Communication is one of the most important elements distinguishing people from one another in the world of today. It is becoming an area of attention, as people from around the world have to understand different linguistically styles in order to communicate effectively. Communication can be effective only if the speaker and the listener are able to comprehend the same information from the conversation, and not have different inferences from their conversation.

Deborah Tannen, Professor of linguistics at Georgetown University in Washington D.C, in her article “The Power of Talk” suggests that “Communication isn’t as simple as saying what you mean. How you say what you mean is crucial, and differs from one person to the next, because using language is earned social behavior. How we talk and listen are deeply influenced by cultural exchange”. Each individual possesses a different style of communication. It is crucial the way we say things, as we clearly want to reach out to the listener. We want the listener to perceive the correct information, hence it is important that we make sure that the way we say it does not result in miscommunication. It is not always about the content, it is also about the style and language one uses to communicate. Often, communication can be misunderstood as we human beings think less about how we are projecting what we are speaking.

Tennen says that “Linguistic style is a set of culturally learned signals by which we not only communicate what we mean but also interpret others’ meaning and evaluate one another as people”, as she believes that our communication styles have been formed by the culture we have lived and grown up in. Communication style’s are different all around the world as there are different norms in different parts of the world. Two people could want to say the same thing but can say it in completely different ways than each other as each of them posses their own style of communication depending on the culture they are a part of.

Women have a different distinct style of communication than men. They may have to say something with the same meaning to infer but there would be a different way for each of them to put the same thing in words. Tannen says “In my research in the workplace, I heard men say “I” in situations where I heard women say “We”, to elaborate a small difference of the choice of pronoun by both the genders.

Robin Lakoff, author of the article “You Are What You Say” says that, “Women Language” is that pleasant (dainty?), euphemistic, never aggressive way of talking we learned as little girls”, to illustrate that since childhood girls are taught to be polite and not aggressive of their opinions.

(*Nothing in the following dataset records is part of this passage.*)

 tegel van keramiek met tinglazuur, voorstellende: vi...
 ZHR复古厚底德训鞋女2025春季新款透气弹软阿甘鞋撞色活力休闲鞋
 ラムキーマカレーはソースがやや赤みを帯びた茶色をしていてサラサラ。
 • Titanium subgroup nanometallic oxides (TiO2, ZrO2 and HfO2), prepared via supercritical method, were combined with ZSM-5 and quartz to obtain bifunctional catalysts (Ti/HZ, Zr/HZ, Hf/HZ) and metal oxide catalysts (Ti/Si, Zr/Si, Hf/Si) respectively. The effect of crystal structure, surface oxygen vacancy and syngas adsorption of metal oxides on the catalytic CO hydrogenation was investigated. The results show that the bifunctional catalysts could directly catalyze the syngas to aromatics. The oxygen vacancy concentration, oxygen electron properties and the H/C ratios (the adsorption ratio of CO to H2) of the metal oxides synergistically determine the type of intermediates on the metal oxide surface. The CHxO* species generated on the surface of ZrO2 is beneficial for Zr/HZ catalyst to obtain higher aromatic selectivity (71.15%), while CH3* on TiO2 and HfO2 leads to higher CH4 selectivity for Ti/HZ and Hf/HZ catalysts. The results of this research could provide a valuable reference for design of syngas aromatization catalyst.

Girls and boys differ in their linguistic styles as they grow up. When they play in their groups of boys alone and girls alone, they communicate differently among their groups. Tannen says, “Girls tend to play with a single best friend or in small groups, and they spend a lot of time talking. From childhood, most girls learn that sounding too sure of themselves will make them unpopular with their peers”, to acknowledge how girls like to discuss little matters and confide in a few people. They are taught to be open to others views and not be too proud of themselves as there is always room for achievement and learning more. On the contrary, Tannen says, “Boys usually play in larger groups in which more boys can be included, but not everyone is treated equal. Boys with high status in their group are expected to emphasize rather than downplay their status, and usually one or several boys will be seen as leader or leaders.” She says this for us to understand the comparison between they way girls and boys are brought up differently. Boys would show off the skills they possess and boast about themselves all the times possible, as it is considered important by the group to show what one’s got. It is less about feelings and more about who’s pride is higher.

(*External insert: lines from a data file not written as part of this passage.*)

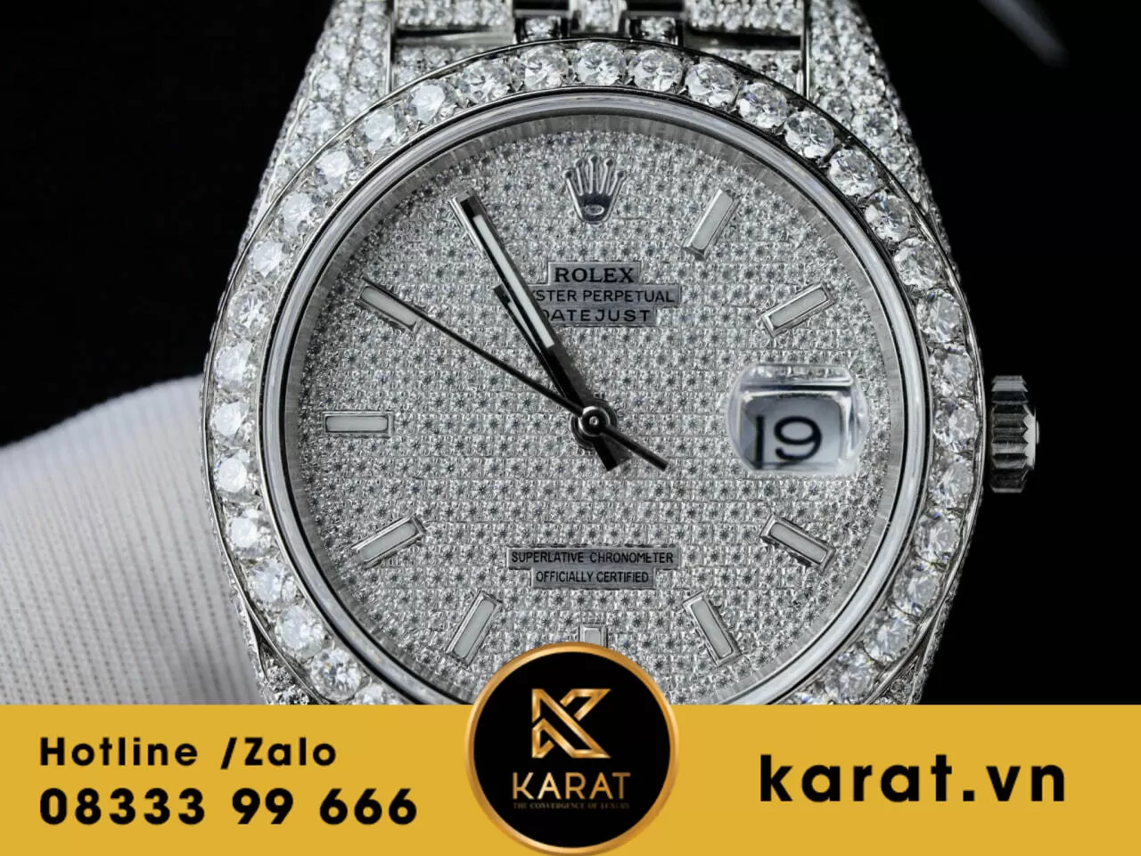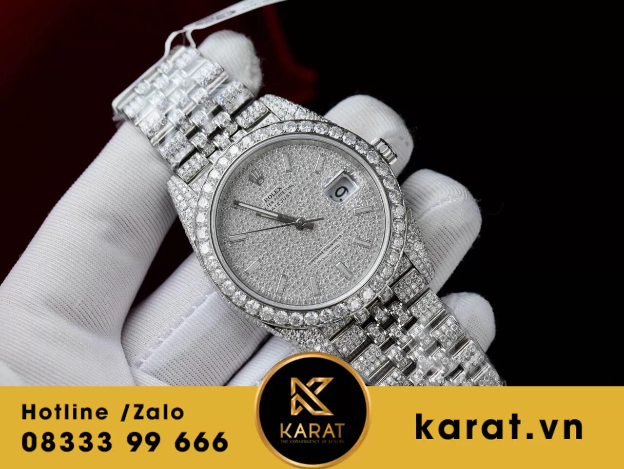 Đồng hồ rolex datejust custom full Moissanite 41mm replica
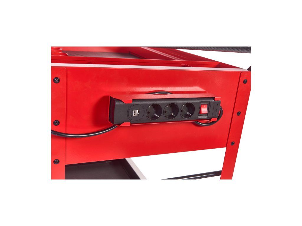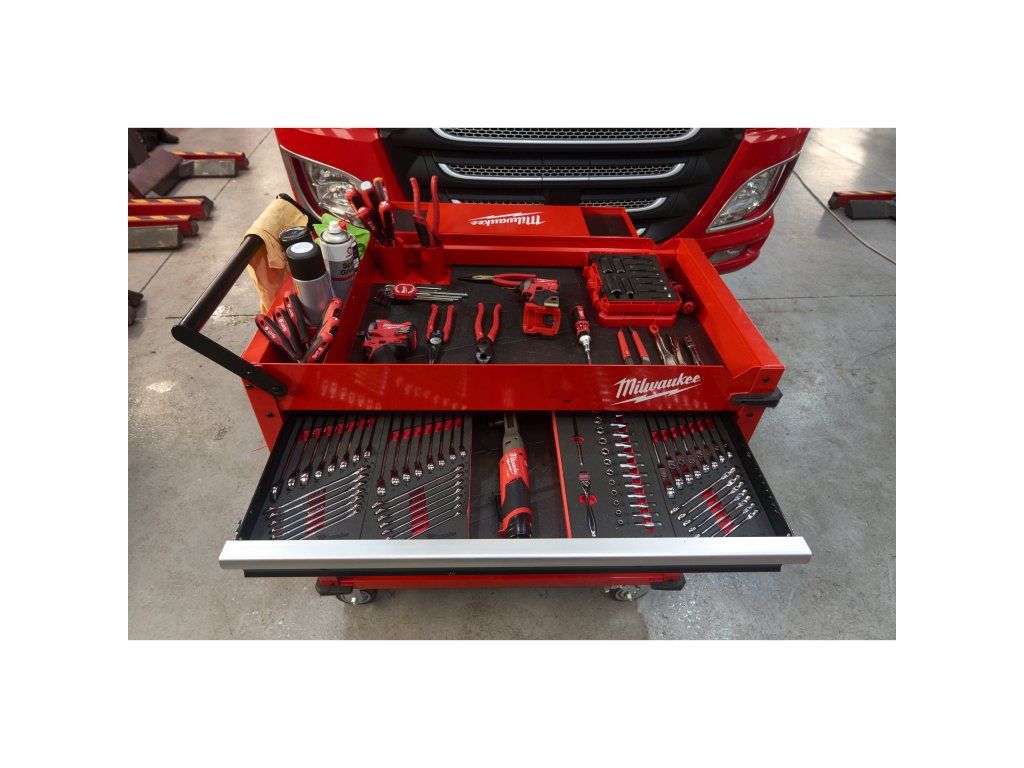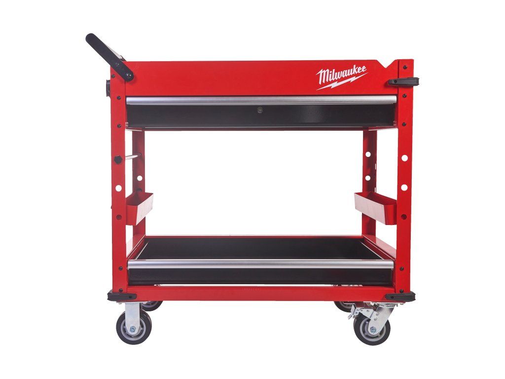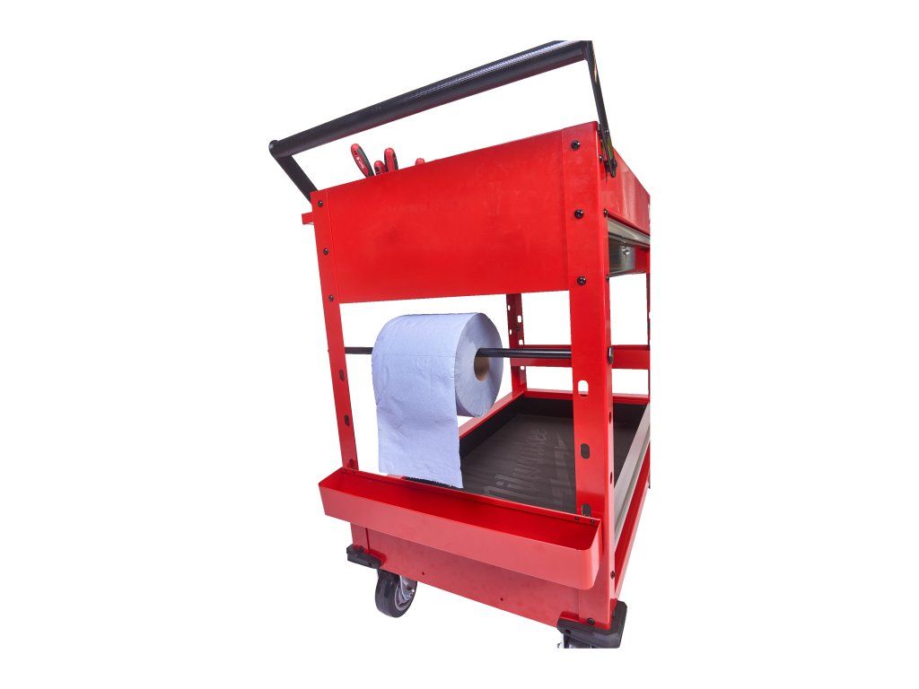 - 2 odnímatelné úložné misky, které lze převrátit vzhůru nohama pro vytvoření rovného povrchu, nebo zcela vyjmout pro vertikální uložení dlouhého nářadí.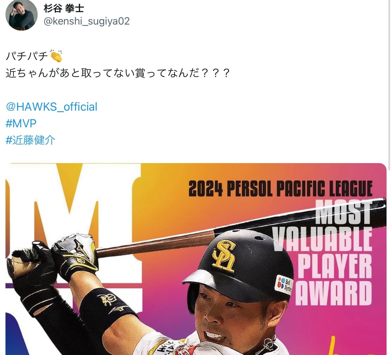 杉谷拳士 元チームメイトの近藤健介を祝福!パリーグMVPを獲得 | 話題の投稿

The way communication styles of both genders shape up during their formative years have an impact on the way they behave in their workplace later in life. Boys would immediately take credit for their work and show off their pride but women would not go around and show off their pride in the work they did or demand credit.

Judy B. Rosener, in her article “Ways Women Lead” says that “Men are more likely than women to describe themselves in ways that characterize what some management experts call “transactional” leadership”, to illustrate that men view their job as a transaction. Men make it a point to take credit for every little thing they do, as they believe it is going to help them scale high in the workplace.

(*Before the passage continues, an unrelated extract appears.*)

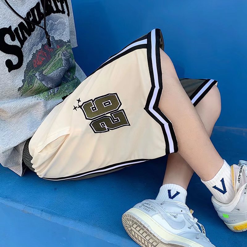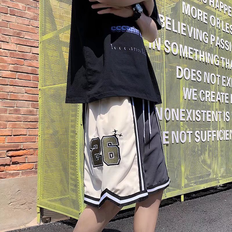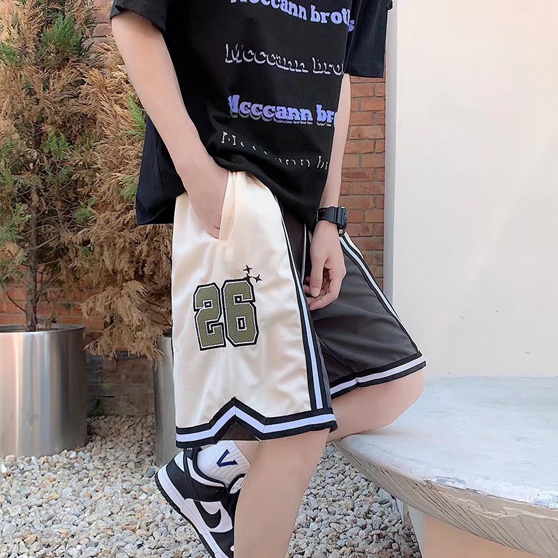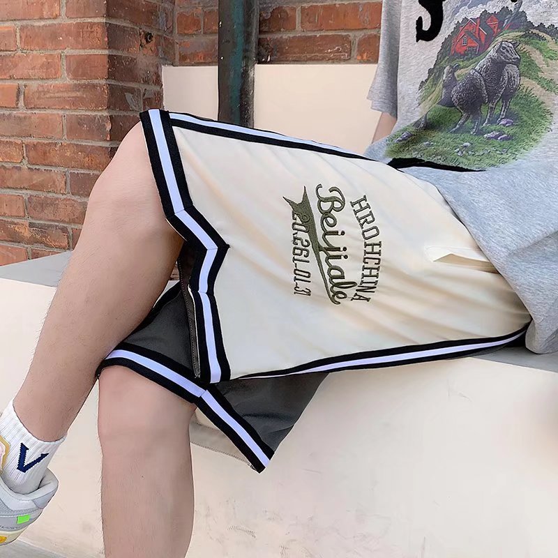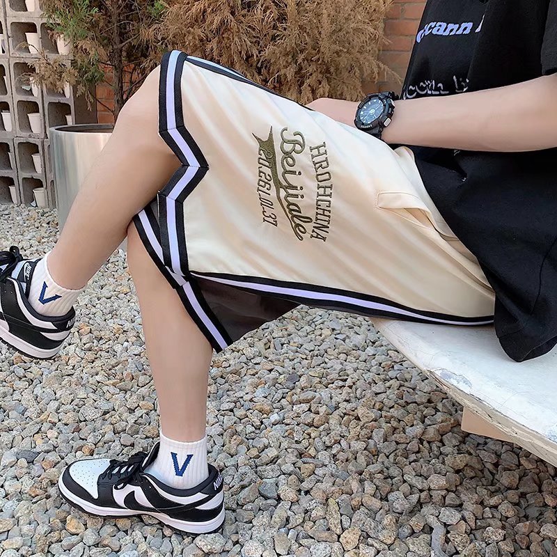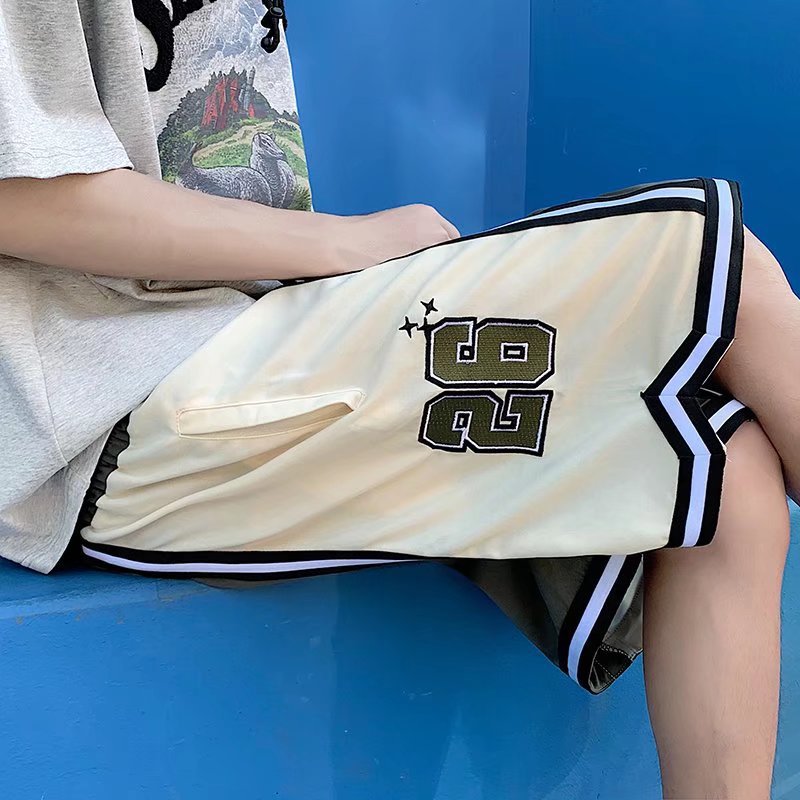 Pantalones cortos casuales de verano simples para hombres ins marca de moda color sólido contraste moda suelta pierna recta pantalones deportivos de cinco puntos

Language plays an important role in defining status. Men are always trying to make themselves outshine within their group as the person who is more powerful and superior becomes the leader and guides the group. Therefore they always want to project their strengths and are boasting about themselves. Whereas women try to subdue their achievements and do not boast as much, as it is considered impolite. Often, when it comes to comparison of status, men are considered superior than women even if the women performed the task better.

In her article, the female employees are not considered confident enough in comparison to the men to be promoted by the supervisors. Even if they are confident they don’t boast about themselves or take credit like men do and therefore the supervisors feel they are not confident about their work.

Both the genders differ in their style of apologizing as well. Women would remember something small even if it happened a while ago. Women take time to forgive the person or even if they forgive the person, it takes a long while for them to completely wash out the bitterness from the event in the past. Women remember small minute details. Men on the contrary, would not care to remember the minutest details even if it was regarding their family or friends. When men forgive, they forget about 70-80% of the issue.

If someone needs help in finding something or there is a question that needs to be asked, women do not hesitate and ask immediately. Women would not even hesitate to stop a stranger in the middle of the road to ask him for the direction to the place they are heading to. Whereas for men, it kills their ego to ask someone, they feel it lets them down in from of the person they are asking, as they believe they lack information and hence need help. Men do not like to ask questions unless it is very important. It is a matter of ego and pride for them.

Men and women, both have different linguistical styles that are primarily dominated by the culture and society they grew up in and are a part of.  Communication amongst people varies greatly to the extent of their ability to comprehend and explain the content clearly. Effective Communication is an art in itself.

The writer is a correspondent of Youth Ki Awaaz.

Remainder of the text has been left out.